## Recorded data:
****************************************

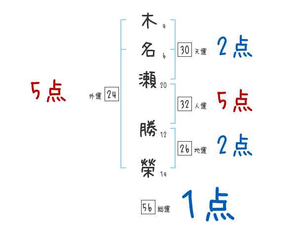 人運![]() | 木名瀬勝榮さんの人運は32画の5つ星!柔軟性があり成功する。チャンスが多く金運が良い。 性格や才能などを表す2番目に重要な運勢です。人間関係や協調性、社会的な成功に影響します。主に20歳から50歳ぐらいまでの中年期の運勢を表します。 |
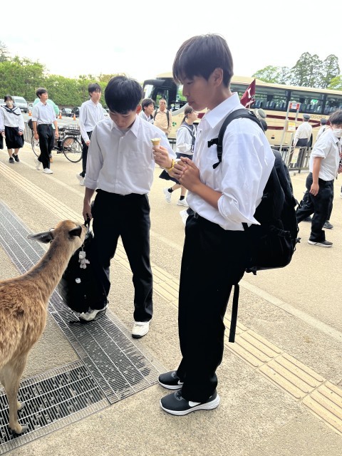 東大寺で大仏様にごあいさつした後は、奈良公園へ!
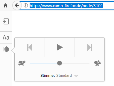 Im FF 64 Bit V. 56.0 fehlt in der Leseansicht der Button, um sich den Inhalt per TTS vorlesen zu lassen. In der portablen Version 32 Bit V. 56.01 ist der Button noch enthalten - Vorlesen funktioniert.
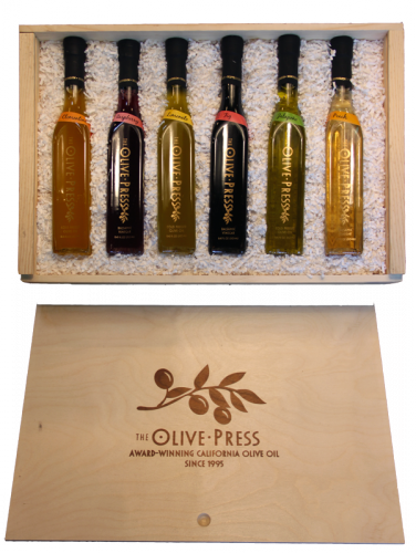 Flavored Balsamics and Oils: A combination for use as marinades, dipping oils, salad dressings or even to top ice cream. Includes one 250 ml bottle of each of the following: Clementine Olive Oil, Raspberry Balsamic Vinegar, Limonato Olive Oil, Fig Balsamic Vinegar, Jalapeño Olive Oil, Peach Balsamic Vinegar. $121, The Olive Press, theolivepress.com
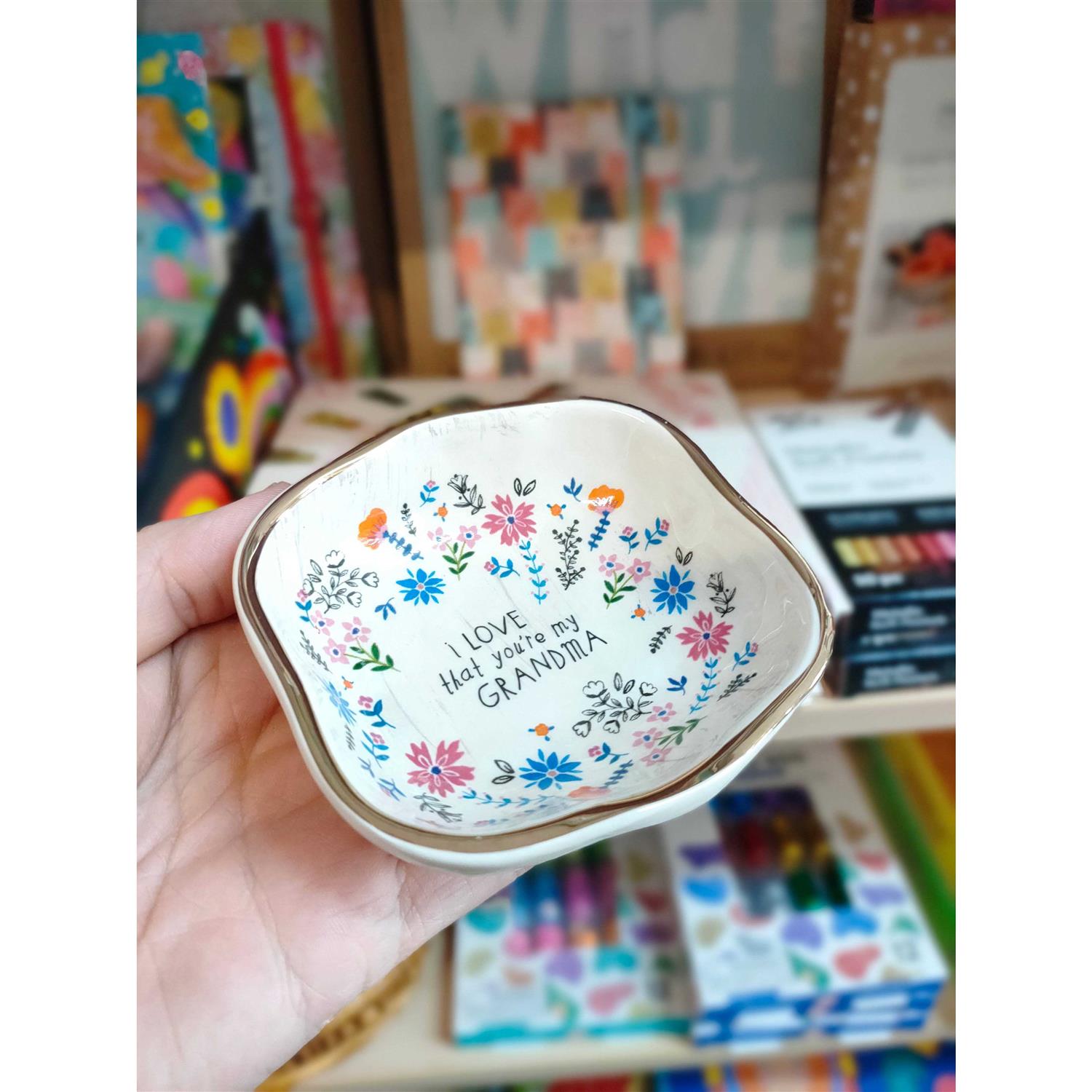 Who doesn’t love collecting little trinket dishes? This round hand-molded Antiqued Trinket Dish features hand painting and a sweet sentiment “I love that you’re my Grandma”. It makes a perfect and meaningful gift and will be an everyday reminder of how special they are! Each one is made to look antiqued so slight variations occur. Approximately 3.17″ x 3″. Shaped colorful hand-molded trinket bowl features a gold-rimmed edge. Ceramic. Designed with love by Natural Life in Ponte Vedra Beach, Florida.
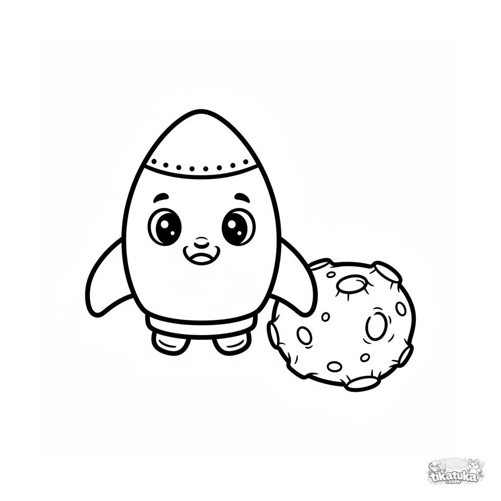 Раскраска для малышей 2-3 лет: милая ракета с глазками летает рядом с астероидом. Огромные простые формы, очень толстые контуры, идеально для маленьких ручек.
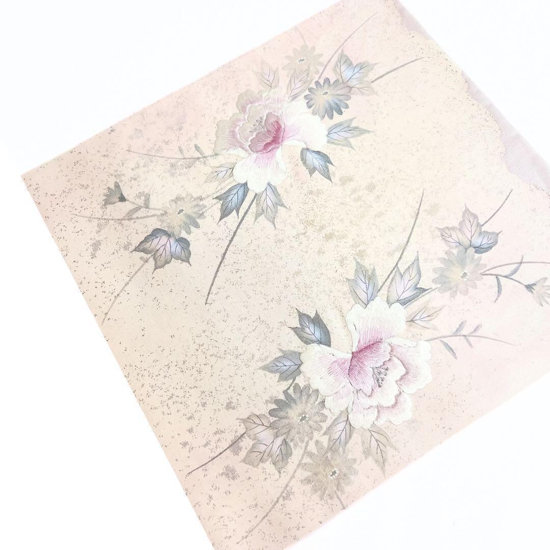 薄ピンク色地に牡丹が刺繍された開き名古屋帯です。
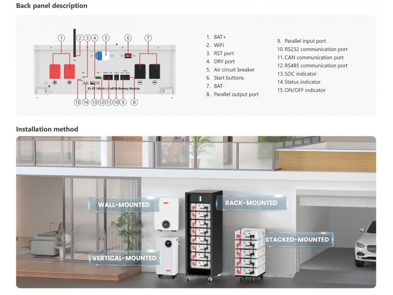 Компактне та зручне в монтажі рішення для накопичення енергії, створене з урахуванням різних сценаріїв встановлення. Пристрій підтримує три формати монтажу: настінний, штабельний (до 5 модулів) або стійковий (rack-mounted), що дозволяє максимально ефективно використовувати простір. Ідеально підходить для житлових будинків, телекомунікаційних об’єктів та невеликих комерційних систем без втрати продуктивності.
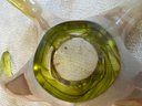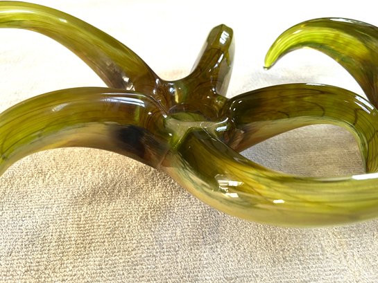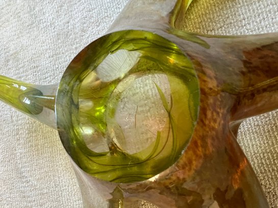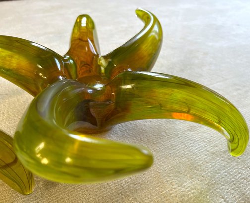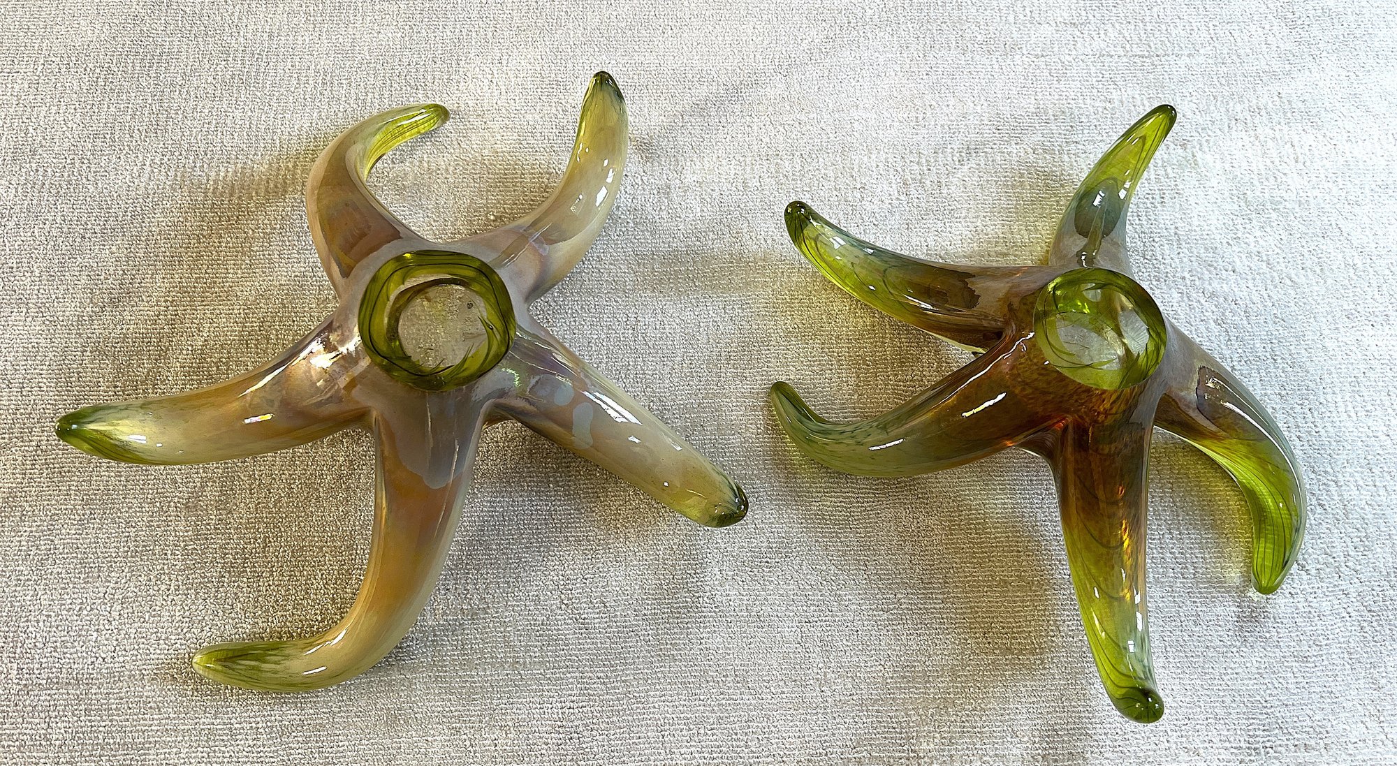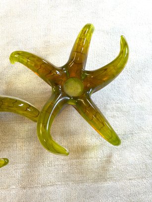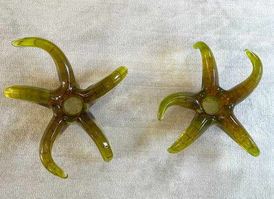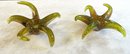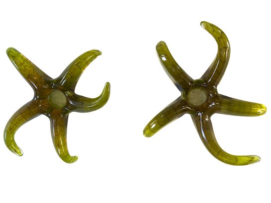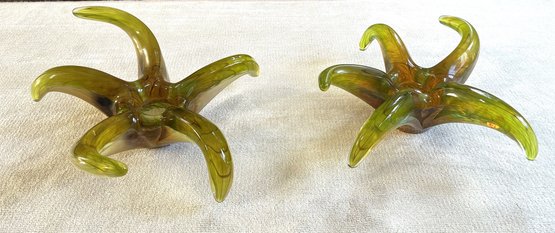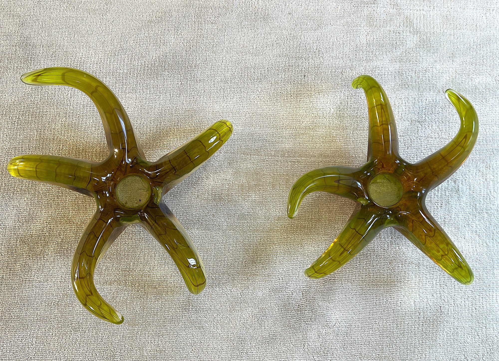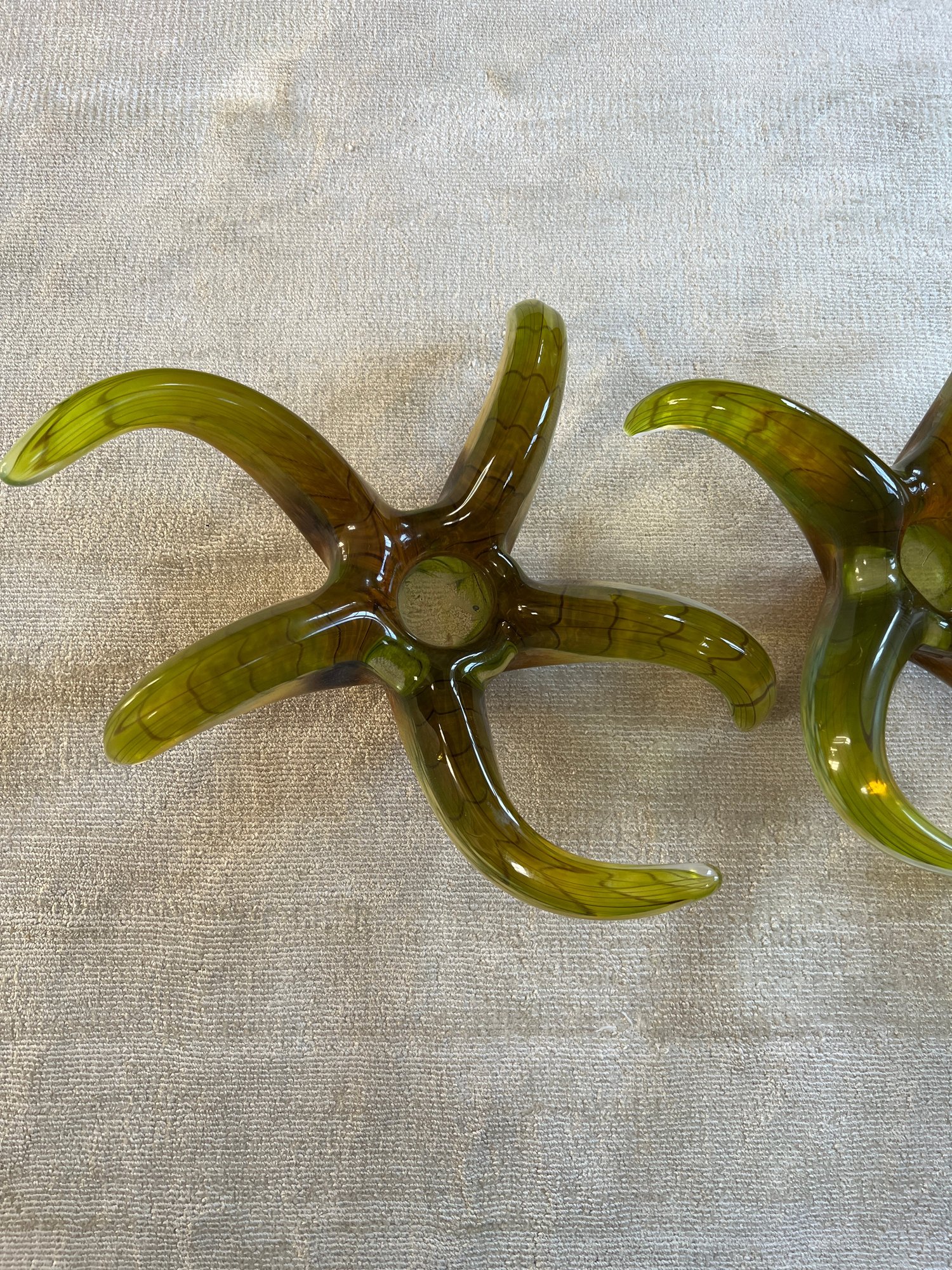 pair Waterford crystal starfish sculpture votives/candleholders in an olive-green swirl.

****************************************

## Assigned task:
Set down again, exactly, the lines from the one with "Раскраска для малышей" to the last line of the data, both included and pictures excluded.

## Solution:
 Раскраска для малышей 2-3 лет: милая ракета с глазками летает рядом с астероидом. Огромные простые формы, очень толстые контуры, идеально для маленьких ручек.
 薄ピンク色地に牡丹が刺繍された開き名古屋帯です。
 Компактне та зручне в монтажі рішення для накопичення енергії, створене з урахуванням різних сценаріїв встановлення. Пристрій підтримує три формати монтажу: настінний, штабельний (до 5 модулів) або стійковий (rack-mounted), що дозволяє максимально ефективно використовувати простір. Ідеально підходить для житлових будинків, телекомунікаційних об’єктів та невеликих комерційних систем без втрати продуктивності.
 pair Waterford crystal starfish sculpture votives/candleholders in an olive-green swirl.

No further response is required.